Monday, August 27, 2012

Ant Profiling

In my new job at Assurity Consulting I've been looking at some large builds. Some that take 6 hours or more to run in the Continuous Integration Server. There's a fairly random mix of Ant, Maven and good old shell. The last few days I spent some time diving into the details of a fairly large Ant build.

I've been using a combination of three techniques to analyze where the time is being spent in this build:

  1. Analysis by inspection.
  2. Analysis of "ant -d" output.
  3. Ant Profiler.

There are a number of files and many tasks and targets in this build, and I haven't been able to walk through the entire thing yet. But by browsing through "interesting" parts, I have been able to find out some significant things about the build.

For example, the build makes extensive use of <antcall>. Sometimes people use <antcall> when they don't understand the correct usage of "depends" on Ant targets. In this build, many of the <antcall> usages would be more appropriately done with <macrodef>. <antcall> is inefficient to use on targets within the same build file, because it reparses and copies properties. Please learn to use <macrodef> with Ant. It is your friend.

To extract some data about the Ant build as a whole, I ran it with "ant -d". On this particular build, it generates 600,000 lines of output. Again, a lot of detail.

With some shell piping we can see potential areas of duplication, or work being repeated:

ant -d >ant.debug.out 
sort ant.debug.out | uniq -c | sort -nr | head

For example, we can see whether certain Java source files are compiled more than once during the build:

egrep "^ *\\[javac\\]" ant.debug.out | sort | uniq -c | sort -nr | less

In this case I found that some classes are compiled twice, three, four or five times. Unfortunately, not enough classes to make a large difference to the build time, but still ...

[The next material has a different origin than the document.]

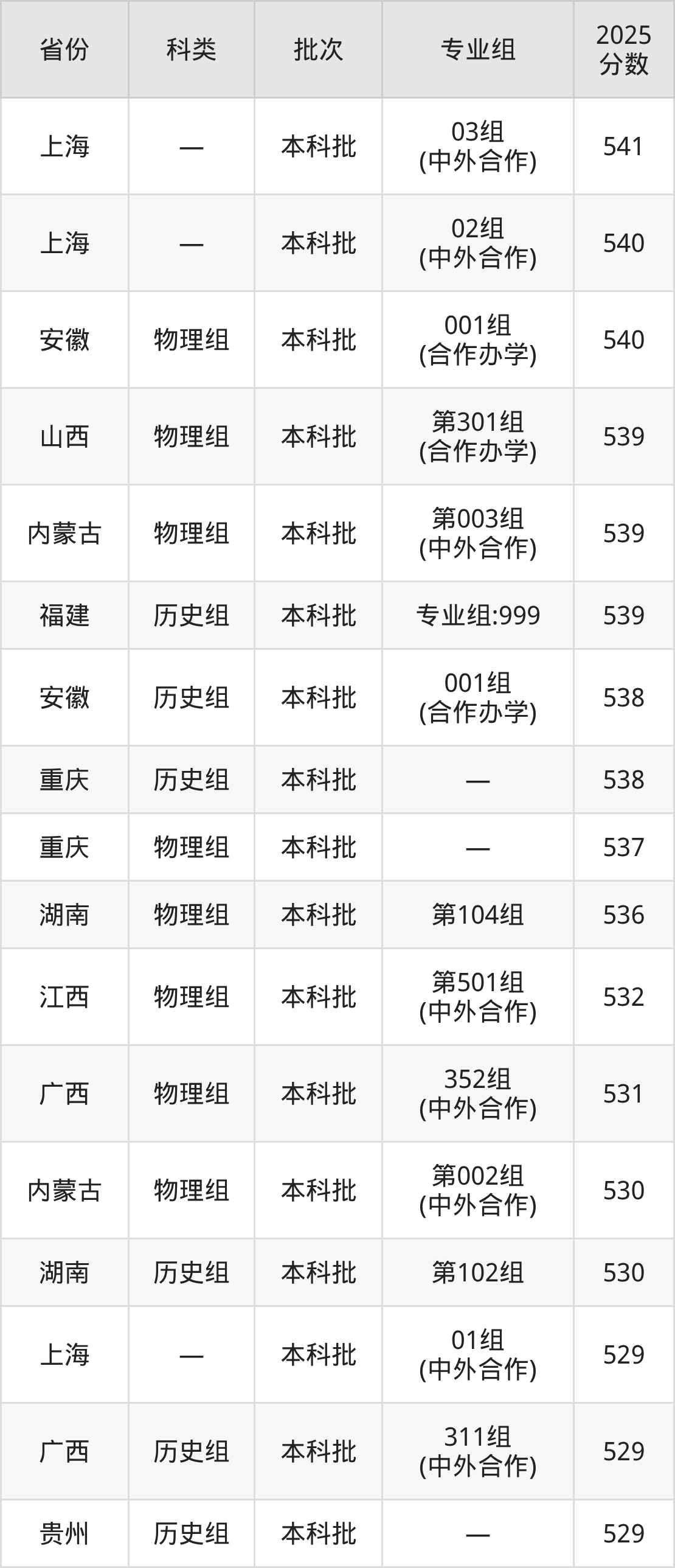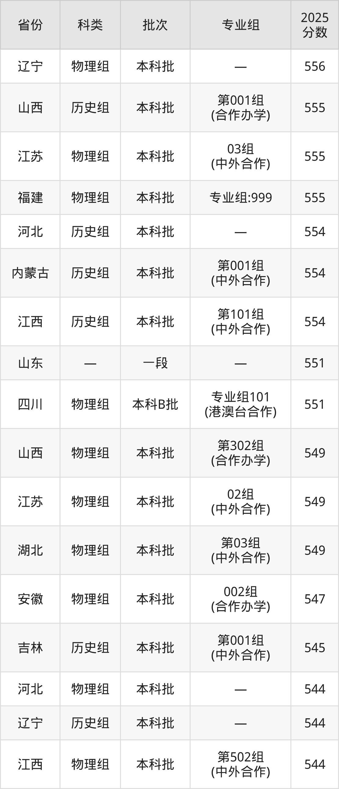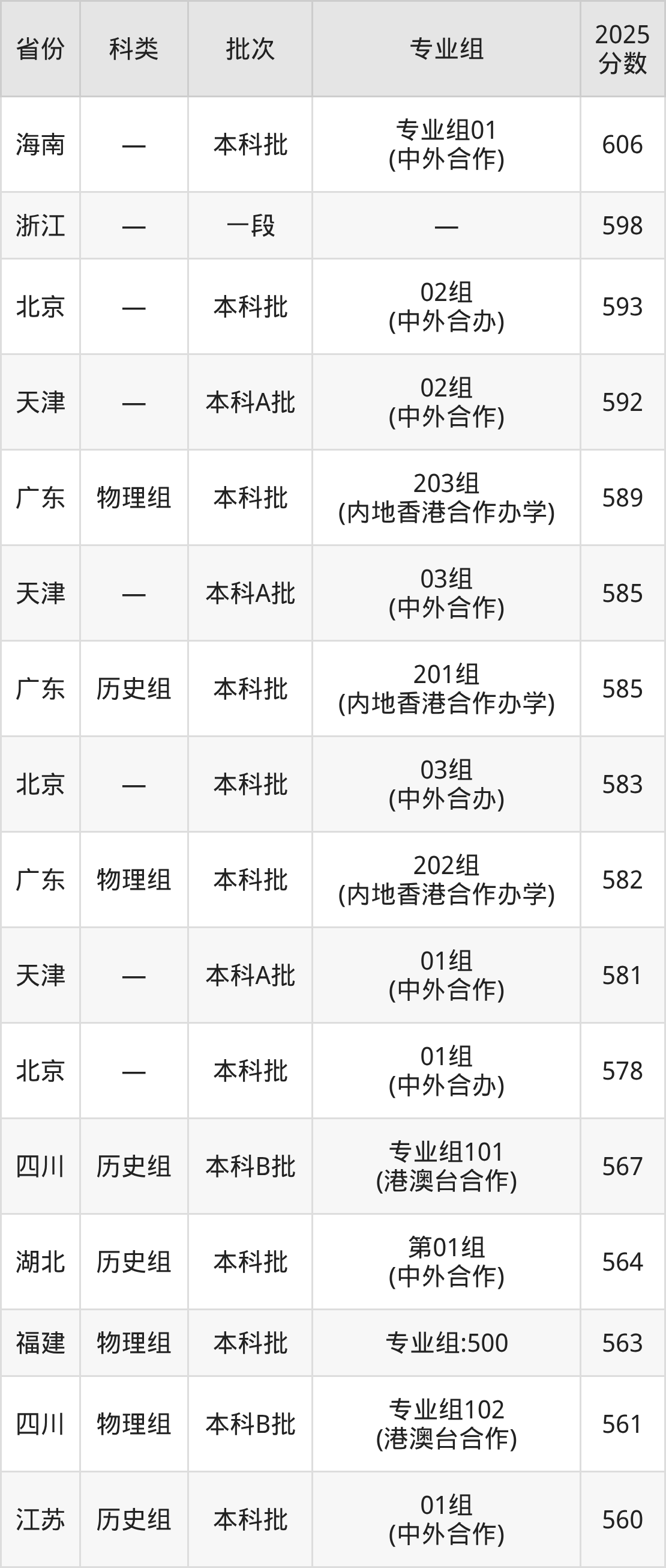 北师香港浸会大学2026年录取分数需在高招结束官方数据公布后更新,2026届有意向报考该校的同学,可以在填报志愿时参考北师香港浸会大学2025年录取分数线:

Finally, I found a great Ant profiler called antro. This profiler is really neat. It is completely non-invasive. It uses the Ant listeners feature, and can be run like this to analyze a build:

ant -listener ru.jkff.antro.ProfileListener -lib ~/antro/antro.jar build.xml

This generates a JSON file, which can then be loaded into the profiler's GUI. The GUI is run simply with:

java -jar antro.jar

What could be simpler?

It provides a tree view of the build times, where you can drill down into any node and explore the detail. Using this tool it's easy to get a bird's eye view of the build time breakdown, as well as drill into areas of interest. For example, I was able to assess the overhead of <antcall> by looking at some of those nodes. Unfortunately, there seems to be no way to see the total number or overhead for a single task type such as <antcall> across the whole build. I was able to find the total number of <antcall>s (not the times though) from the "ant -d" output. This allowed me to estimate the total time overhead of <antcall> for this build.

5 comments:

jkff said...

Hey, I'm the author of antro and I'm glad to see that you found it useful :)

rajesh said...

Hello,
Very interesting to use your commands in my build. I have problem with my build which is taking to much time as unsuspected. have many antcalls inside the build.xml and can not able to locate which one taking more time to build. Can you help me how can i use this Profiling.

Thank you

jkff said...

Rajesh, the post describes exactly how the tool is used: run ant with the listener to obtain a .json report; then open the report in the GUI. Which step are you having trouble with?

rajesh said...

I have problems in running in this command ant -listener ru.jkff.antro.ProfileListener -lib ~/antro/antro.jar build.xml

I have add jars to my antro calsspath and unable to modify this command. i am like junior in this area. can you help me how exactly frame this command

Thank you.

jkff said...

Rajesh, you can specify multiple -lib flags: -lib ........../antro.jar -lib ......./your-other-library1.jar etc. Does this solve your problem?